词的下片由写景转为抒情,写“行人”闻鹃啼的心理变化。过片后三句写晴明的春日,杜鹃偏又卖弄它的叫声 ,“行人”从梦中惊醒,听到的还是声声的“不如归去”。前面路上初闻鹃啼,感到“殷勤”;听得太多,睡在床上也被叫得不安,叫的又是一句人所做不到的话,那“行人”心中自然也就变得有点烦躁了。“天涯岂是无归意,争奈归期未可期。”不是自己不想回家,只是自己不能决定回去的日期,生活不能由自己主宰 ,有什么办法呢?这是在烦躁中的思念,说是自言自语行,说是对杜鹃的回答也行。这里表面上有埋怨鹃鸟无知、强聒难耐的意思 ,但归根到底,是对真正“作弄”人的生活遭遇的愤慨。这片词,话说得比较直致,但内容还有曲折,特别是结句用反跌之笔表曲折之情,深婉感人。
南乡子
晏几道
新月又如眉。
长笛谁教月下吹?
楼倚暮云初见雁,
南飞。
漫道行人雁后归。
意欲梦佳期。
梦里关山路不知。
却待短书来破恨,
应迟。
还是凉生玉枕时。
此为怀人词。作者在词中以回环曲折的结构、风流蕴藉的情致,由月下吹笛而及南飞雁,由雁而思及行人 ,抒写了清秋时节的怅惘之情。

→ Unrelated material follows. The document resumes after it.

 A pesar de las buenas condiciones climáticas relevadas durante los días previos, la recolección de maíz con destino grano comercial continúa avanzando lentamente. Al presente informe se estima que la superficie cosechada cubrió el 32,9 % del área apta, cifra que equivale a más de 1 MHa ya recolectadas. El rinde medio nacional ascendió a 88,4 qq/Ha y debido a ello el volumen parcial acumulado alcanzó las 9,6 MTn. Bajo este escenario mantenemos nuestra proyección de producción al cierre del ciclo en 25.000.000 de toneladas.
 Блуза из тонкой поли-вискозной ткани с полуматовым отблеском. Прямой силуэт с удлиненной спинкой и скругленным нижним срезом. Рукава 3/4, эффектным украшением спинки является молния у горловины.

全词意境隽永,曲折往复,既丽且庄。
上片前两句,写主人公倚楼时所见所感:黄昏后,又见如眉般的一弯新月,又是为谁人持长笛,在月下吹奏哀音?首句写景,云新月如眉,也就是说眉如新月,隐有抒情女主人公的形象在。黄昏新月,常会勾动人的离思。词中更着一“又”字,可知倚楼怀人已非一朝一夕了 。“谁教 ”,犹言谁令、谁使,故作设问,是说无人欣赏,自己在月下吹笛也是徒然的。紧接“楼倚”三句 ,点明词旨为怀人 。主人公独倚高楼,在暮云中第一回看到归雁正不住地向南飞去,心下自语:可不要说远行的人要比雁还迟归啊!三句暗用隋薛道衡《人日思归》诗 :“人归落雁后,思发在花前 。”前一“初”字,语意比上文“又”字跌深一层。时节转换,秋雁南飞,更增对行人的思念。唐赵嘏《长安秋望》诗句“残星几点雁横塞,长笛一声人倚楼”,意境与之仿佛。

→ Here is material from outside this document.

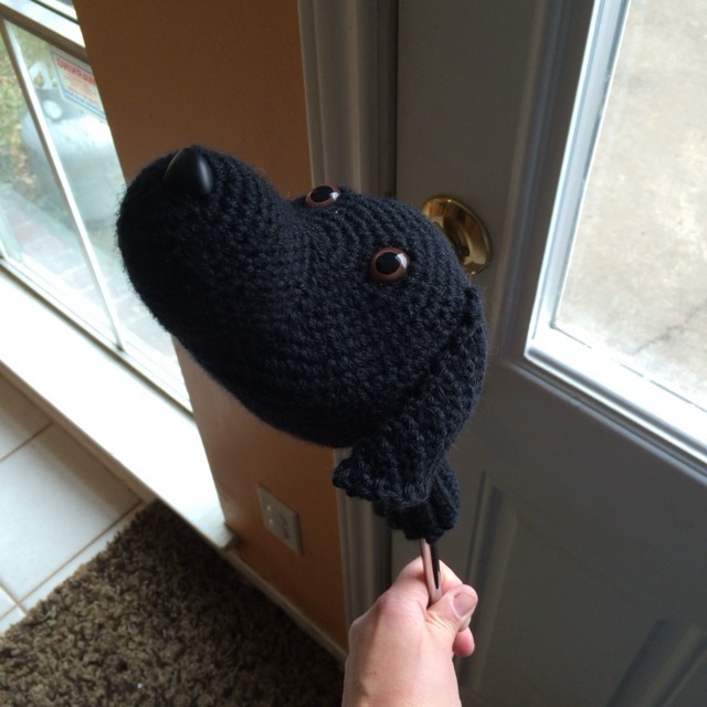 In February 2015 I finished crocheting a driver cover for my Dad, in the shape of a black Labrador head.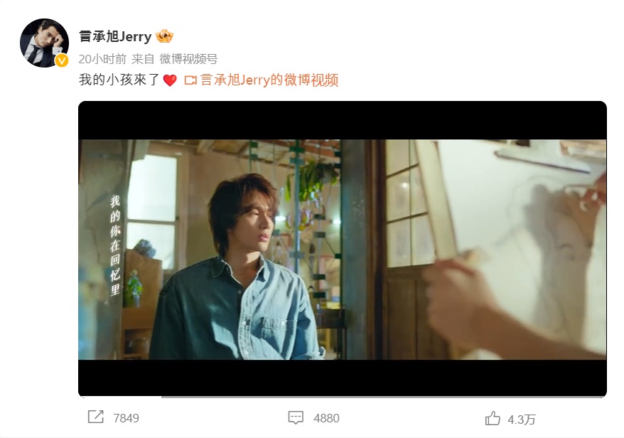아빠로 업그레이드 됐음을 밝힌 옌청쉬(言承旭 언승욱)

过片二句,写相思无望,唯有梦里相寻。小晏词中,常写梦魂寻人之意 :“梦魂惯得无拘检,又踏杨花过谢桥”(《鹧鸪天 》)、“梦入江南烟水路,行尽江南,不与离人遇”(《蝶恋花》),同是写梦寻,但又用意各别。本词云“路不知 ”,即是说连寻找也不可能了,语更深切 。《文选》沈约《别范安成诗》:“梦中不识路,何以慰相思?”李善注:“《韩非子》曰:‘六国时,张敏与高惠二人为友,每相思不能得见,敏便于梦中往寻,但行至半道,即迷不知路,遂回,如此者三 。’”小晏此词,运用前人故事,但又自出新意。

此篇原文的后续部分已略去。